Lesson 6: Collaborative Filtering
This notebook will cover collaborative filtering using the MovieLens data set.
from fastai.collab import *
from fastai.tabular.all import *
path = untar_data(URLs.ML_100k)
Data
"MovieLens data sets were collected by the GroupLens Research Project at the University of Minnesota.
This data set consists of:
- 100,000 ratings (1-5) from 943 users on 1682 movies.
- Each user has rated at least 20 movies.
- Simple demographic info for the users (age, gender, occupation, zip)"
Additional Info
u.data
contains the full data set, 100,000 ratings by 943 users on 1,682 items.- Each user has rated at least 20 movies.
- Users and items are numbered consecutively from 1.
- The data is randomly ordered.
- This is a tab separated list of
user id
|item id
|rating
|timestamp
- The time stamps are unix seconds since 1/1/1970 UTC
ratings = pd.read_csv(path/'u.data', delimiter='\t', header=None,
names=['user','movie','rating','timestamp'])
ratings.head()
The goal is to predict or guess what films users might like to watch. You could easily imagine that a user might have a preference for certain genres, and based on films they have seen from a particular genre, you might be able to say something like, user 123
likes action
movies, therefore it would be safe to suggest an action movie to them.

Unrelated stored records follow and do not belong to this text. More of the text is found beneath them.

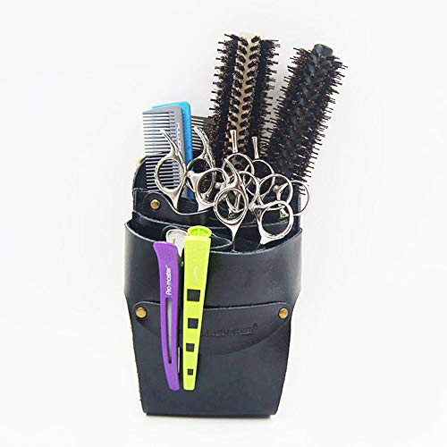 Hair Cutting Tool Professional Hairdresser Leather Waist Belt Multiple Pocket Hair Scissors Shears Pouch Hairdressing Tool (Color : Black)
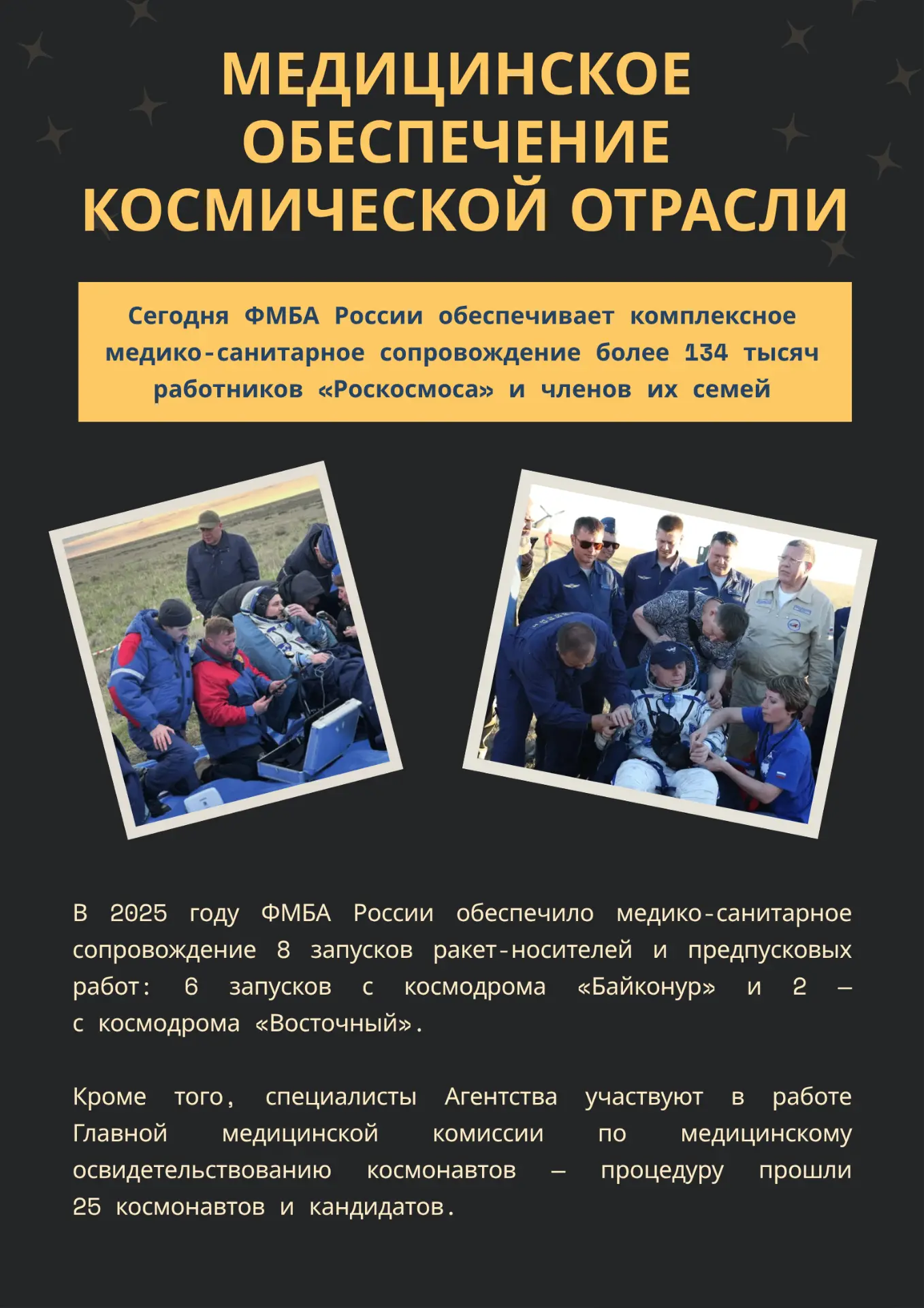 🩺 За десятилетиями космических достижений — важнейшая работа, без которой покорение космоса было бы невозможным. Об истории становления космической медицины, медицинском обеспечении космонавтов, современных научных разработках и перспективных проектах — в наших карточках.
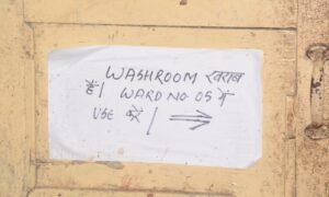 जिला चिकित्सालय के पुरुष सर्जिकल वार्ड क्र. 1 का वाशरुम खराब है. जिसके चलते वाशरुम के दरवाजे पर ताला लगा दिया गया है. इसके साथ ही उक्त वाशरुम के दरवाजे पर एक पर्ची चस्पा कर दी गई है कि यहां का वाशरुम खराब है, लिहाजा वार्ड क्र. 5 में उपयोग करें. वहां पर नए नए भर्ती हुए मरीजों को शुरु में तो कुछ समझ में ही नहीं आया. लेकिन जब उन्हें आवश्यकता महसूस हुई और उन्होंने पर्ची के निर्देशानुसार वार्ड क्र. 5 का रुख किया तो वहां का दृश्य देखकर वे सकुचा गए.
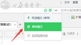 具体方法是查看360浏览器网址输入框的右侧,点击 “e”图片,出现下拉框,点击绿色小闪电符号,即可从兼容模式转为极速模式:
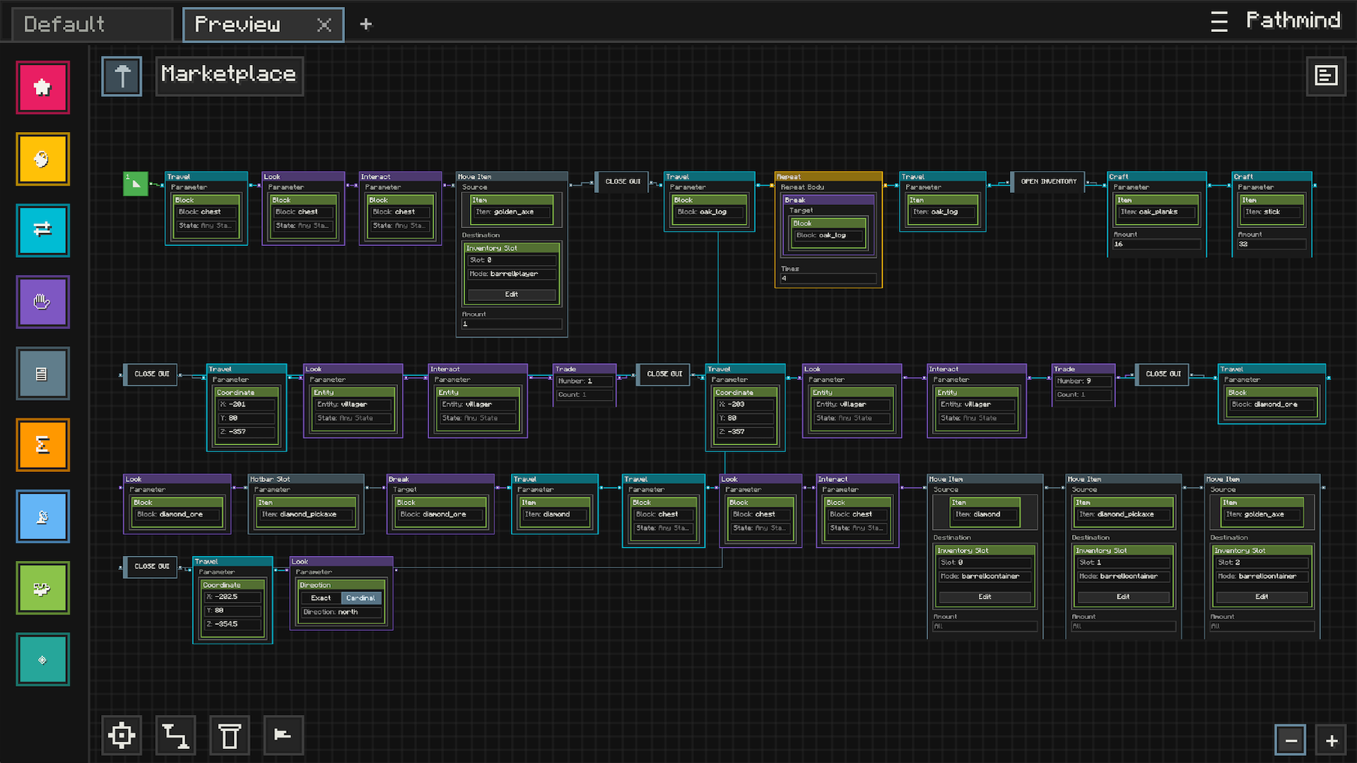 - Movement Automation: Build workflows around movement, navigation, and world interaction
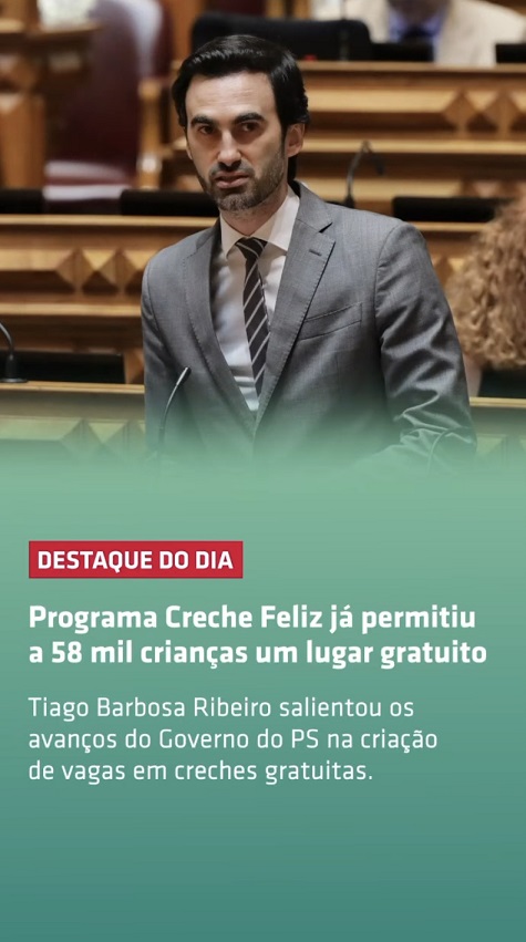 Lembrando que as creches passaram a ser gratuitas para todas as crianças nascidas após 1 de setembro de 2021 que frequentavam inicialmente a rede social de creches e as creches familiares com acordos de cooperação, Tiago Barbosa Ribeiro assegurou que os lugares estão a ser alargados: «Em Maio deste ano, 58.600 crianças portuguesas beneficiaram de lugares nas creches ao abrigo do programa Creche Feliz e cerca de cinco mil destas estavam na rede privada», indicou o socialista, que referiu que «o programa vai ser alargado progressivamente a todas as crianças», tendo havido «um reforço em 10 mil lugares ao abrigo do PRR».
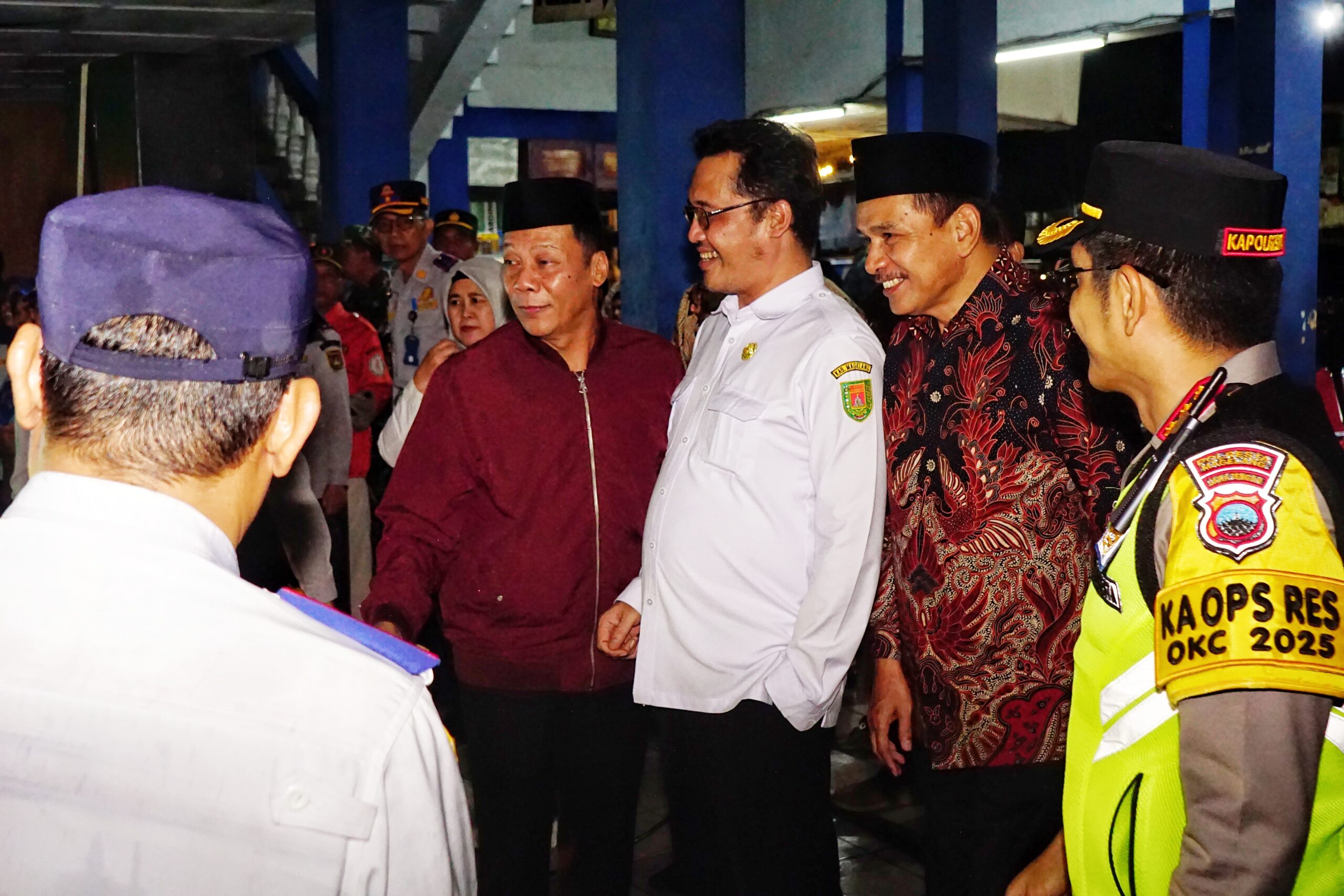 SAMBUT PEMUDIK : Bupati dan Wakil Bupati Magelang serta jajaran Forkopimda saat menyambut kepulangan para pemudik asal Kabupaten Magelang di terminal Secang Magelang (Dok Prokompim Kab Magelang)
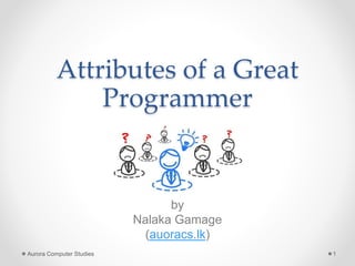 This document lists the attributes of a great programmer, including logical thinking, problem solving skills, an analytical mind, intelligence, engineering mindset, simplicity in solutions, concentration, patience, knowledge management skills, ability to learn new things, teamwork, humility, willingness to help others, and celebrating success. It emphasizes the importance of continually improving excellence through habit. The document was presented by Aurora Computer Studies and provides contact information.
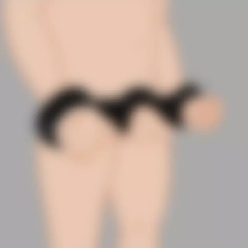 Пиллория соединяет обе руки пассивного мужчины (левую и правую) с его гениталиями (посередине) и тем самым делает его абсолютно неспособным к действиям.
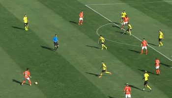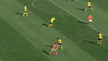 这一次的进攻发起,来自于郑智传球。随后皮球被给到了侧翼的张修维脚下,后者送出高质量的传中,可惜塔利斯卡的射门,打在门柱上弹出,错失良机。

Given that we have minimal information in our data set (userid, movieid, rating and timestamp), collaborative filter seeks to solve this problem by extracting latent features from the data.
For example, assume that these features range between -1 and +1, with postive numbers indicating stronger mathes to certain factors.
We can use a simple example to illustrate the point. Take the following three dummy factors science-fiction
, action
, and old movies
, we can compare user preferences against these for two different movies and see how they score.
import numpy as np
last_skywalker = np.array([0.98,0.9,-0.9])
casablanca = np.array([-0.99,-0.3,0.8])
user1 = np.array([0.9,0.8,-0.6])
We can compute the dot product and arrive at a match
m1 = (user1*last_skywalker).sum()
m2 = (user1*casablanca).sum()
print(f'last skywalker match: {m1.round(2)} \n casablanca match: {m2.round(2)}')
Voila! based on this we might want to recommend Last Skywalker but not Casablanca to this user.
So how do we find these latent factors? They can be learned.
Step 1: Randomly Initialize Parameters
Randomly assign parameters to represent our latent factors for each user and each movie. We get to decide how many of these factors we want to use.
Step 2: Calculate Predictions
Calculate predictions. This is done as we have just seen, by computing the dot product.
Step 3: Improve Predictions
Then improve the prediction using gradient descent on these latent factors
First, let's add the movie titles to our data set for readability
movies = pd.read_csv(path/'u.item', delimiter='|', encoding='latin-1',
usecols=(0,1), names=('movie','title'), header=None)
movies.head()
# join on movie titles
ratings = ratings.merge(movies)
ratings.head()
Create a DataLoader
dls = CollabDataLoaders.from_df(ratings, item_name='title', bs=64)
dls.show_batch()
dls.classes
Randomly initialize parameters
- create
user_factors
andmovie_factors
of size n users x n factors and n movies by n factors
n_users = len(dls.classes['user'])
n_movies = len(dls.classes['title'])
n_factors = 5
user_factors = torch.randn(n_users, n_factors)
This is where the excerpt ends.